# Saab '97 Turbo 900 SE AC leak



## LONIGRO6969 (Nov 6, 2008)

Car wasn't cooling properly. Ac tech added freon and injected a dye into the AC system to help find the leak. After system stopped cooling a few months later, tech (w/o having the system running) said that the dye which can be seen with special glasses was on two hoses that run from the condenser to evaporator, etc. and suggested the replacement of both hoses. Does the presence of the dye on the hoses mean for certain that the hoses are leaking or could the dye be leaking from somewhere else and spraying on the hoses? His prescription was going to cost $600+.

How should it be checked to be sure that is where the leak is? Just the old soappy water way?


----------



## 47_47 (Sep 11, 2007)

Been out of automotive for 6 years, but when I put dye in, I used a UV light with the engine off to check for the presence of the dye. The glasses may be a new way. 

You will see the dye at the leak. There may be dye traces from the air flow through the engine compartment on non-leaking parts. If the dye was spraying from a leak, the charge wouldn't have lasted a few days, let alone a few months. Soapy water will not find a leak.

You could take the car to another repair shop and tell them that dye was installed and let them tell you where they feel the leak is (second opinion) or trust the first tech.


----------



## LONIGRO6969 (Nov 6, 2008)

*AC Saab '97*

Thank you for the reply. Yes, he used the UV light and the glasses.

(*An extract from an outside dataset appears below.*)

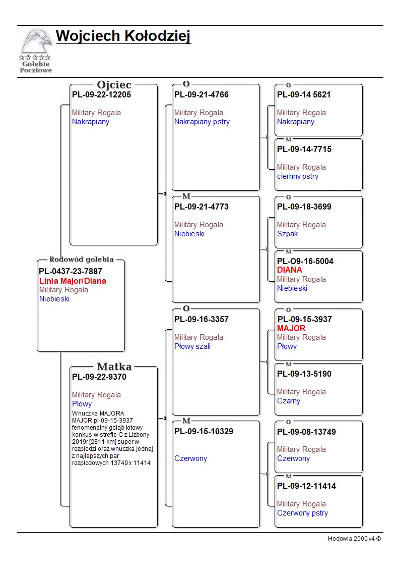 Opis: Oryginalny gołąb z hodowli Wojciecha Kołodzieja. Szczegóły pochodzenia w rodowodzie. Więcej informacji pod nr tel.: 608 077 136 **Wysyłka do 6 sztuk w jednej paczce za 150zł, przedpłata na konto.

Will take it to a second tech.


----------



## cmittle (Nov 10, 2008)

I would have thought that after the dye was injected you'd run the a/c for a bit right away and see if you could see a leak. Maybe drive a way for a day or two using it periodically and come back to check, but a few months later. This would prevent any distribution via spraying, air flow, running, etc... and one could be more confident in the solution.


----------